For private-only API access without traversing the public internet:

<Steps>
  <Step title="Request PrivateLink enablement">
    Provide the following to your Reducto team:

    * **AWS Account ID(s)**: Where you'll create the VPC endpoint
    * **Region(s)**: Where you need PrivateLink connectivity

    Reducto will enable the VPC Endpoint Service for your account(s). You'll receive confirmation to proceed.
  </Step>

  <Step title="Configure VPC endpoint">
    Add to your Terraform configuration:

    ```hcl theme={null}
    enable_privatelink              = true
    vpc_id                          = "vpc-0123456789abcdef0"
    subnet_ids                      = ["subnet-abc123", "subnet-def456"]
    reducto_endpoint_service_name   = "com.amazonaws.vpce.us-west-2.vpce-svc-0929182c8ed77b7a8"
    reducto_endpoint_service_region = "us-west-2"
    ```
  </Step>

  <Step title="Configure your client">
    Use the region-specific DNS name matching your VPC endpoint:

    ```python theme={null}
    from reducto import Reducto

    client = Reducto(
        api_key="your-api-key",
        base_url="https://hybrid.platform.reducto.ai"
    )
    ```
  </Step>
</Steps>

<Warning>
  You **must** enable private DNS resolution in your VPC endpoint configuration. This is required for the DNS alias to resolve correctly within your VPC.
</Warning>

## Validation Checklist

After `terraform apply`, verify your setup:

* [ ] **Terraform apply succeeded** without errors
* [ ] **S3 bucket has lifecycle rule**:
  ```bash theme={null}
  aws s3api get-bucket-lifecycle-configuration --bucket your-bucket-name
  ```
* [ ] **S3 bucket blocks public access**: All public access settings should be blocked
* [ ] **IAM role trust policy is correct**: Verify Reducto principals and ExternalId condition
  ```bash theme={null}
  aws iam get-role --role-name reducto-access --query 'Role.AssumeRolePolicyDocument'
  ```
* [ ] **If PrivateLink enabled**: Endpoint status shows "available"
  ```bash theme={null}
  aws ec2 describe-vpc-endpoints --vpc-endpoint-ids vpce-xxx
  ```
* [ ] **Smoke test**: Run a small Reducto job and verify objects appear in the bucket

## Multi-Region Setup

Deploy separate infrastructure in each region with region-specific Principal ARNs:

```bash theme={null}
# US East
cd environments/us-east-1
terraform apply -var="name_prefix=reducto-us"

# EU (Frankfurt)
cd ../eu-central-1
terraform apply -var="name_prefix=reducto-eu"

# Asia Pacific (Sydney)
cd ../ap-southeast-2
terraform apply -var="name_prefix=reducto-au"
```

Each region requires its own IAM role with the region-specific Principal ARNs from the table above.

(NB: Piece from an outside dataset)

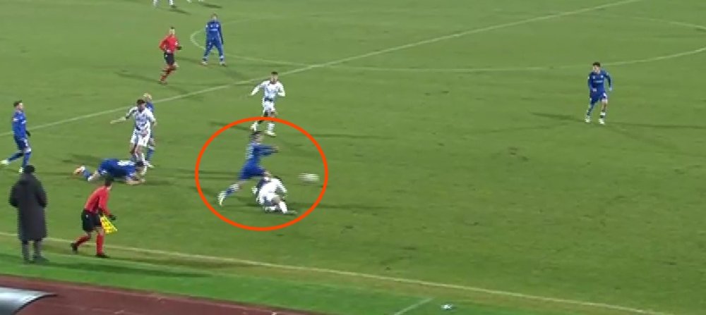 U padu je srušio lijevog beka Dinama, a sudac Erceg je dosudio prekršaj. Svi su mislili da se radi o prekršaju za Dinamo, ali je sudac iz Benkovca pokazao da je prekršaj za Goricu. Kako je to izgledalo pogledajte u videu ispod.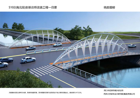 周口大道沙潁河橋景觀改造,設(shè)計(jì)造型簡單柔美,如行云流水,同時(shí)與沙潁河景觀帶相融合,給城市增添了生機(jī)與活力。周口大道賈東干渠橋以荷葉為設(shè)計(jì)元素,造型簡約而不失細(xì)節(jié)。周口大道流沙河橋造型簡潔大氣,線條流暢,像一條青龍游弋在水面上。文昌大道幸福河橋以花瓣、葉子為設(shè)計(jì)元素,造型豐富多彩。文昌大道流沙河故道橋在中分帶位置修建花壇,花壇造型莊重古樸,景石造型端莊沉穩(wěn)。太清路流沙河橋以古建斗拱、窗花為元素,造型儒雅大方。太清路洼沖溝2號橋以“輻轂相依”為名,既融合環(huán)境,又有團(tuán)結(jié)、合作的寓意。太清路賈魯河橋,增加了景觀造型,使人們可以重溫當(dāng)年賈魯河的美好畫卷。彭新莊橋以柳葉為元素,預(yù)示著留住賓客與送別親友的不舍之情的雙重含義。

## Multi-Environment Setup

For organizations with separate AWS accounts for dev/staging/prod:

```
environments/
├── dev/
│   ├── main.tf
│   └── terraform.tfvars
├── staging/
│   ├── main.tf
│   └── terraform.tfvars
└── prod/
    ├── main.tf
    └── terraform.tfvars
```

Each environment should use a separate Terraform state file, its own S3 bucket and IAM role, and be registered separately with Reducto.

## Security

### ExternalId protection

The ExternalId in the IAM role trust policy prevents [confused deputy attacks](https://docs.aws.amazon.com/IAM/latest/UserGuide/confused-deputy.html). Only requests with the correct ExternalId can assume the role.

### Principle of least privilege

The IAM role grants only the permissions necessary for Reducto operations:

* `s3:GetObject` — Read documents
* `s3:PutObject` — Write results and artifacts
* `s3:DeleteObject` — Clean up temporary files
* `s3:ListBucket` — List objects for batch operations
* `s3:AbortMultipartUpload`, `s3:ListMultipartUploadParts` — Handle large file uploads

### Automatic data cleanup

Objects expire automatically based on the lifecycle configuration (default: 24 hours). This ensures no long-term data persistence, compliance with retention policies, and automatic cleanup of intermediate artifacts.